For the actual production of her sculptures, which involves labor-intensive repetition, Donovan enlists the help of a team of seasoned assistants. 

“I have some people who have worked with me for over a decade.  Oftentimes, those who have been here longer take on the task of working with newer recruits to adapt their working methods to achieve the results I envision,” she says.

The sculptor demurs when asked if the actual construction of her mammoth pieces can seem tedious. “If I keep my focus on the final outcome, the production of a work can be a kind of meditative journey in its own right,” she explains.

Donovan burst onto the contemporary art scene in 2000 when, as a newly minted masters of fine arts graduate from Virginia Commonwealth University, she was selected for inclusion in the Whitney biennial. This trendsetting show at New York’s Whitney Museum of American Art has long served as a showcase for promising young and lesser-known artists. Donovan’s piece, Ripple, a large floor installation made of small pieces of copper electrical cable arranged in cascading dunes, was widely praised. Despite the acclaim, she did not quit her waitressing job until 2003 when her first solo New York art show solidified her reputation.

Recognition and awards quickly followed. In 2005, Donovan was the inaugural winner of the Calder Foundation Prize, which enabled her to complete a six-month residency at famed American sculptor Alexander Calder’s studio known as the Atelier Calder in Sache, France. While there, she worked with panes of glass that she broke into jagged shards and then assembled into a large piece that evokes geological strata. In 2008, she was awarded a MacArthur fellowship, commonly called a "Genius" grant, which came with $500,000 in “no strings attached” funding to support her work.
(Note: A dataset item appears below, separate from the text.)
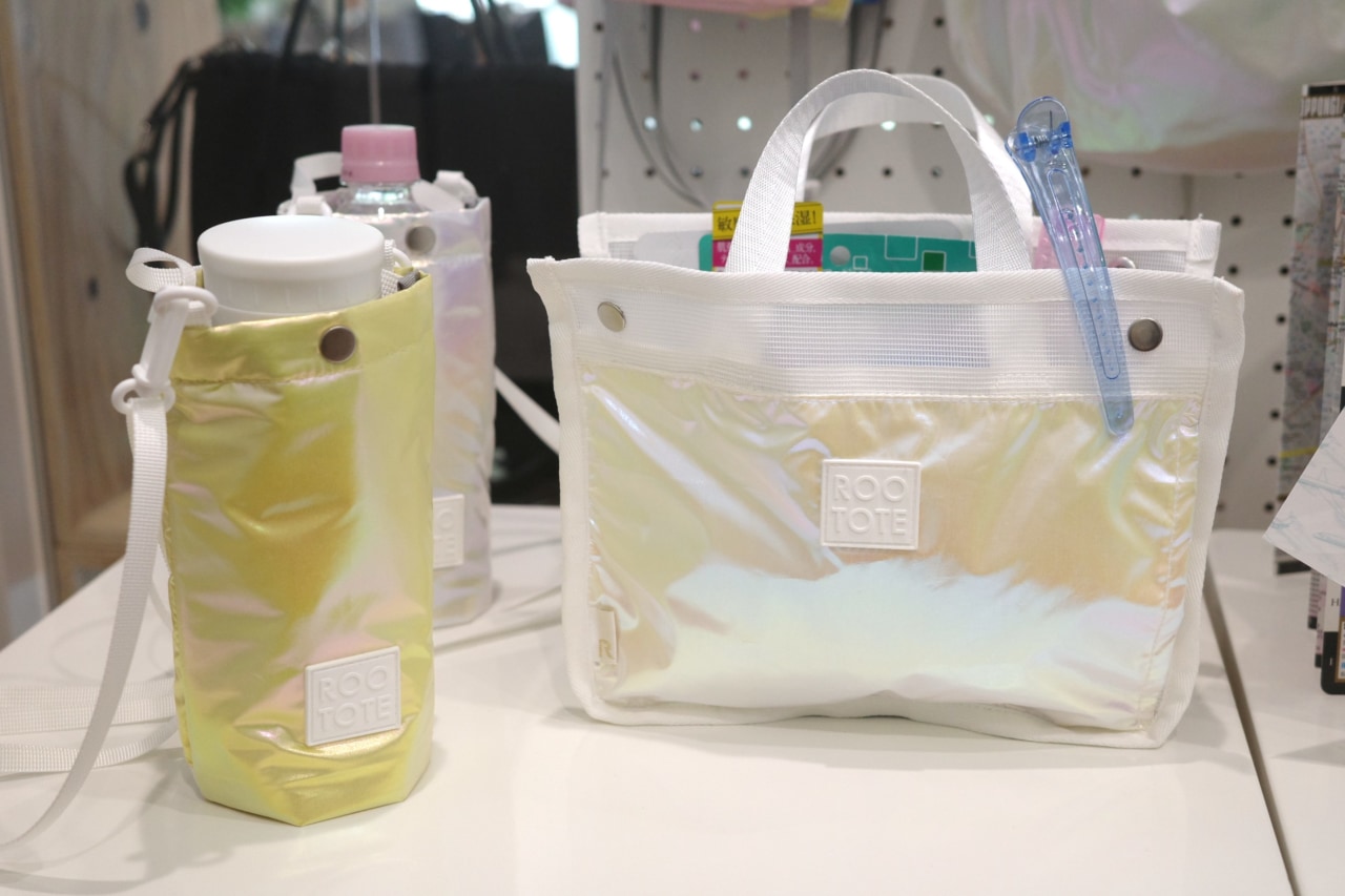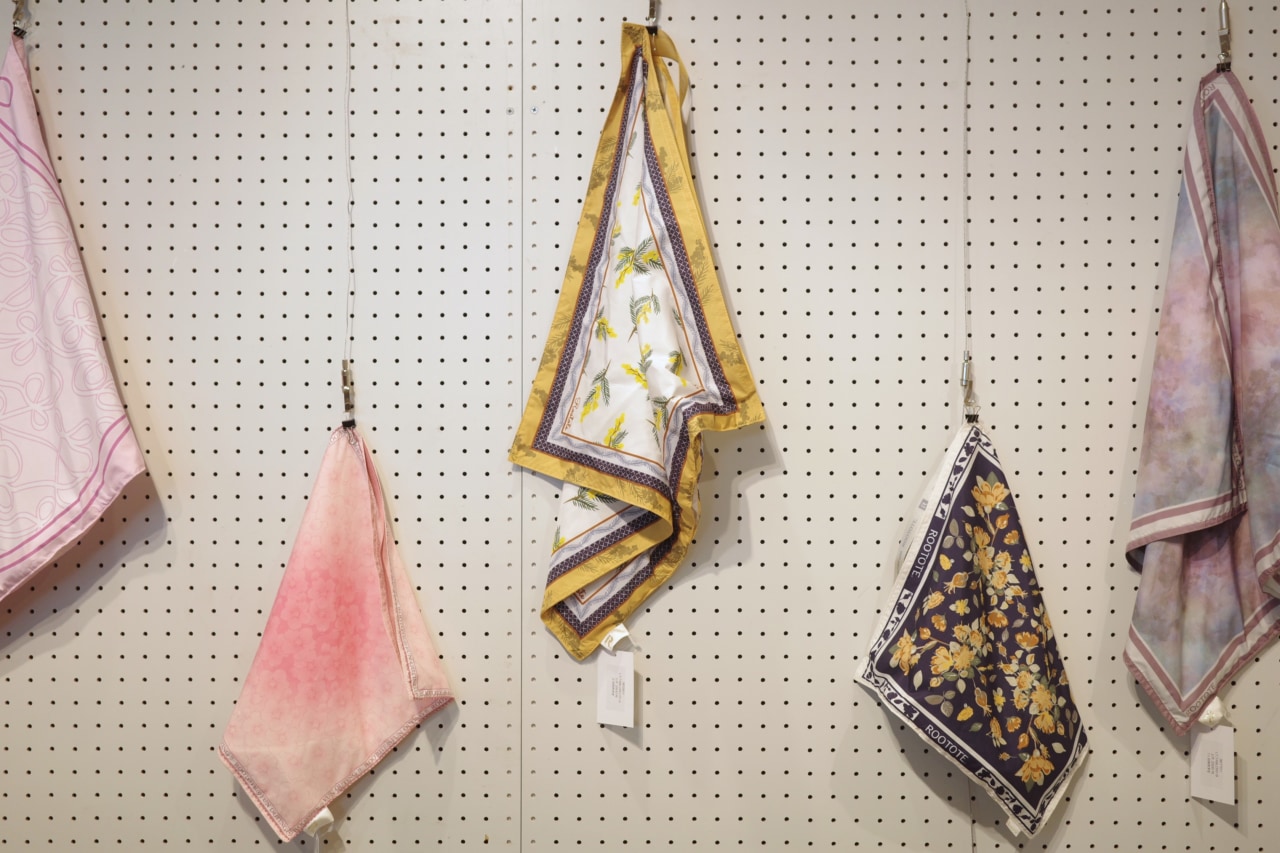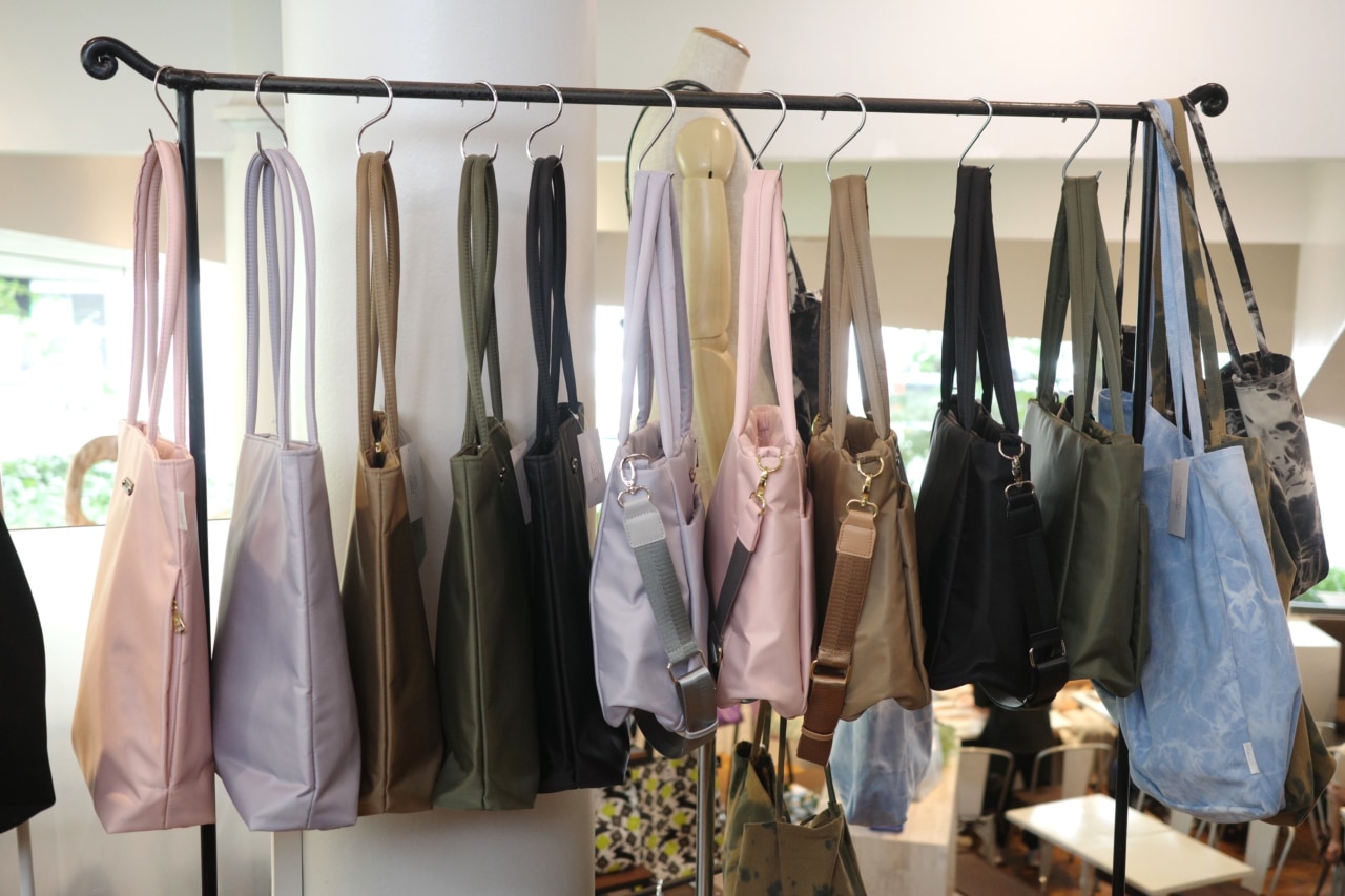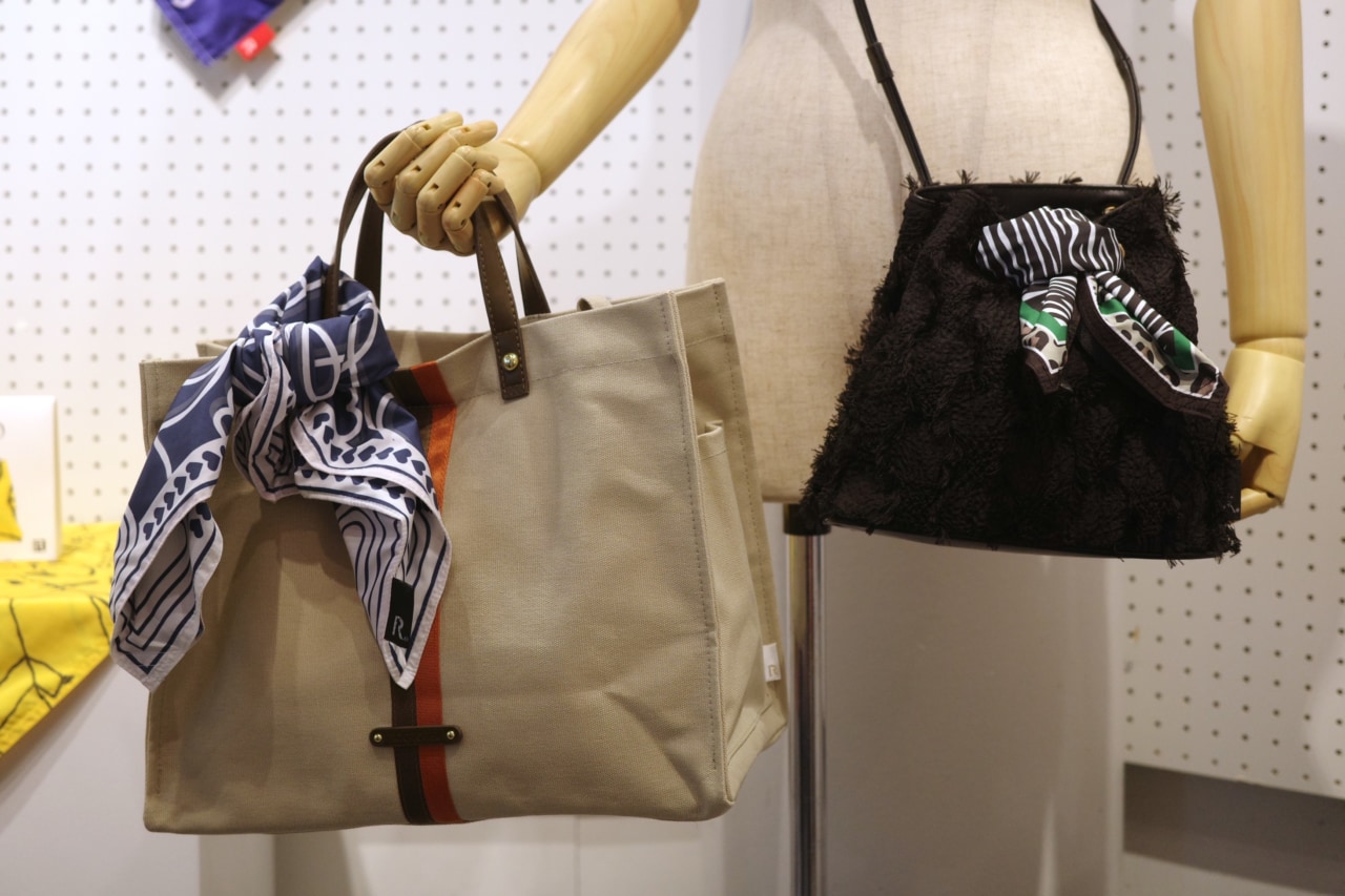展示会で最初に目が引かれたのは「ROOTOTE TABLO」。スカーフのように見えますが、よく見ると持ち手がついています。実はこちらはスカーフのように見えるトートバッグ。収納力たっぷりで、広げればアートのような存在感が魅力です。

“It was an incredible honor.  The ‘genius’ moniker is something I will probably never be comfortable with. The funding certainly allowed me to expand my practice in directions that weren’t possible before,” she says.
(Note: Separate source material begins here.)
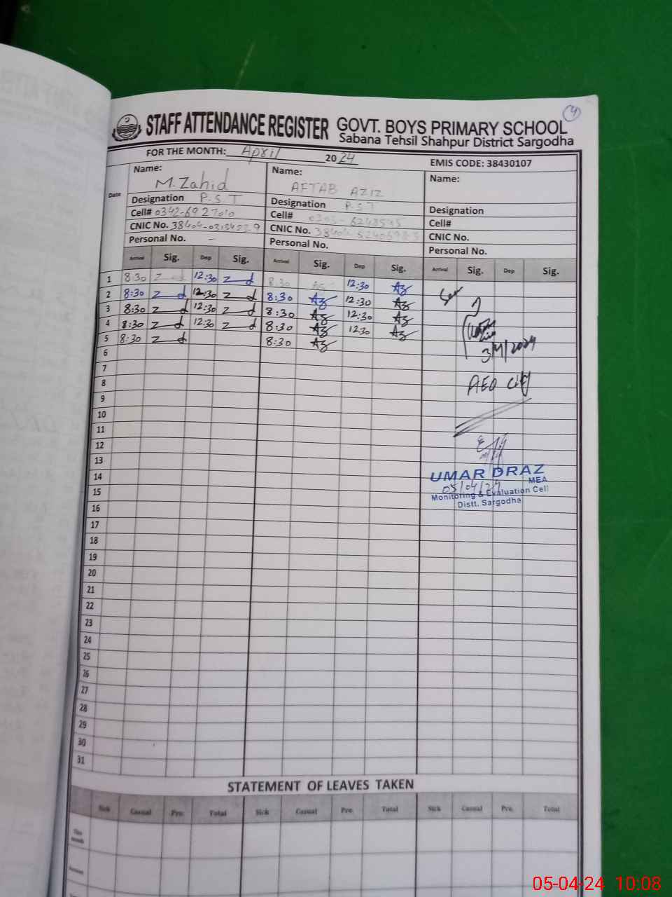 | Name: Af**** Az**** Designation: (School Headmaster's/Headmistress's) PST Phone/Cell Number: 03**** |
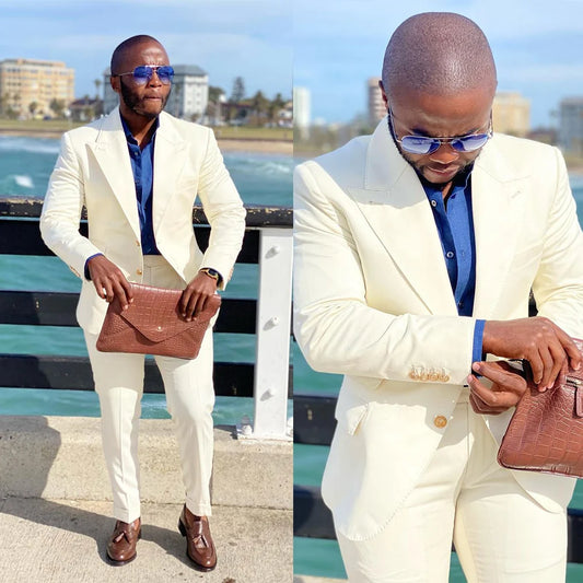 Traje de 2 piezas para hombre, color marfil, talla grande, esmoquin liso para novio, solapa de pico, blazer para fiesta de graduación (chaqueta + pantalón)

Donovan set her sights on becoming an artist in high school, when she decided to apply to art schools instead of traditional college. She attended the School of Visual Arts in New York for one year, but then transferred to the Corcoran School of Art + Design in Washington, D.C., from which she graduated in 1991.

“I think you have to commit to defining yourself as an artist early on if you ever hope to become one,” she maintains. The sculptor also admits that she “never really explored any other careers.”
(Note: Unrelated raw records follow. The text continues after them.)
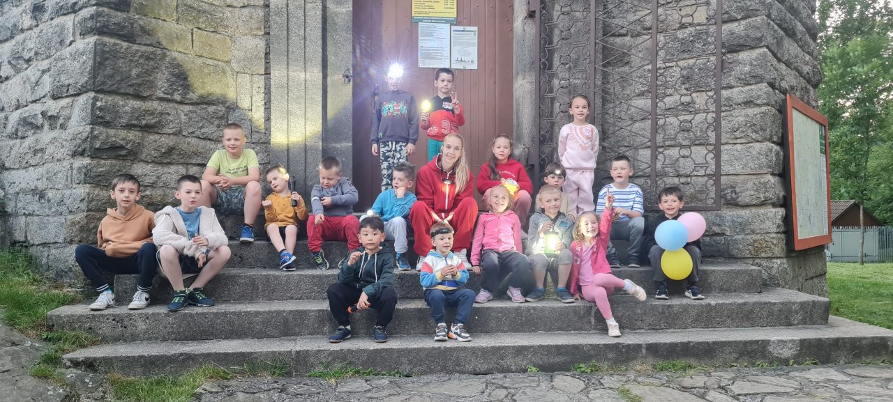 Když se začalo stmívat, děti, které měly přespávat v areálu kempu, se vybavené čelovkami a svítilnami vydaly na večerní dobrodružnou procházku. Jejím prvním cílem byla rozhledna na vrchu Háj, kterou v doprovodu pedagogů a několika rodičů zdolaly. Odměnou jim byly nádherné výhledy v záři zapadajícího slunce. Dále cesta pokračovala směrem k Lesmistrově stezce a napojila se na hlavní spojnici mezi sjezdovkami. To už padla opravdová tma a když se celá skupina vrátila do kempu, byla už úplná noc.
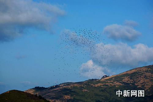 中新网宜昌10月6日电(刘良伟 罗永斌)5日,数百只鸟组成的巨大鸟群出现在神农架神农顶景区的凉风垭一带空中,让在此游览的游客大饱眼福。
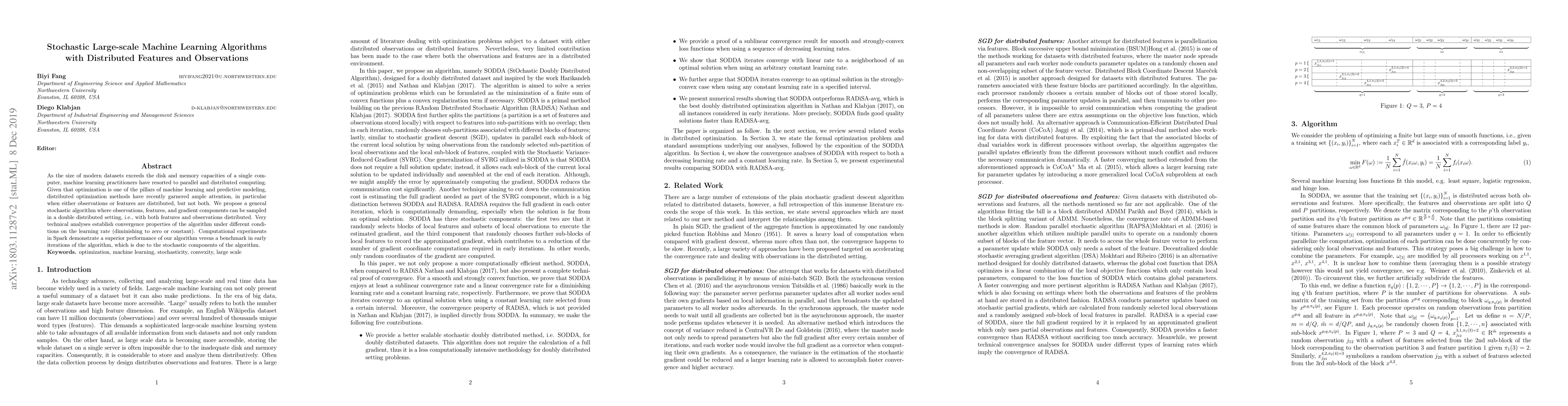 This paper proposes a novel stochastic algorithm for distributed optimization in large-scale machine learning, addressing scenarios where both features and observations are distributed. The algorithm's convergence properties are rigorously analyzed, and computational experiments show its superior early performance compared to a benchmark.
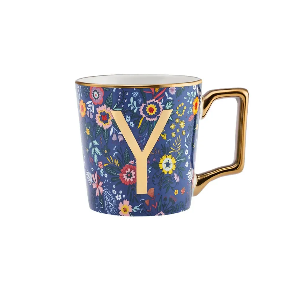 Karaca Flower Porcelain Letter Y Mug, 350ml, Multi

One concept that she is ambivalent about articulating is the notion of “inspiration,” which she feels is often romanticized. “I think it is something you need to work very hard to achieve. It’s not something that just drops out of the sky,” she explains.

She also finds it difficult to pinpoint what draws her to the objects, like index cards, that she uses to construct her work.

“If I had a very specific answer for this, my life would be a lot easier, because I would always know what it is that I am going to do next. A lot of times, its just a matter of taking up a package of this, or a package of this and then messing around with it,” she says.

In planning future work, Donovan says that she does not have a storehouse of items waiting in the wings, but she has been considering the possibility of creating an outdoor public project.

But, before any new sculpture is unveiled, Donovan knows that she must have an answer to the inevitable question that she faces whenever she completes a new installation.

“There is a kind of instinctual ‘Guess how many?’ prompt involved with seeing each project,” she explains. “The quantity is simply a matter of achieving the goal rather than a counting game for me,” she continues.

In this case, the answer is about a million. That’s how many index cards were transformed into 10 spiral towers, which make up one of the installations created by nine leading contemporary artists to celebrate the reopening of the historic art museum.

Tara Donovan is one of nine contemporary artists featured in the exhibition “Wonder,” on view November 13, 2015 through July 10, 2016, at the Renwick Gallery of the Smithsonian American Art Museum in Washington, D.C.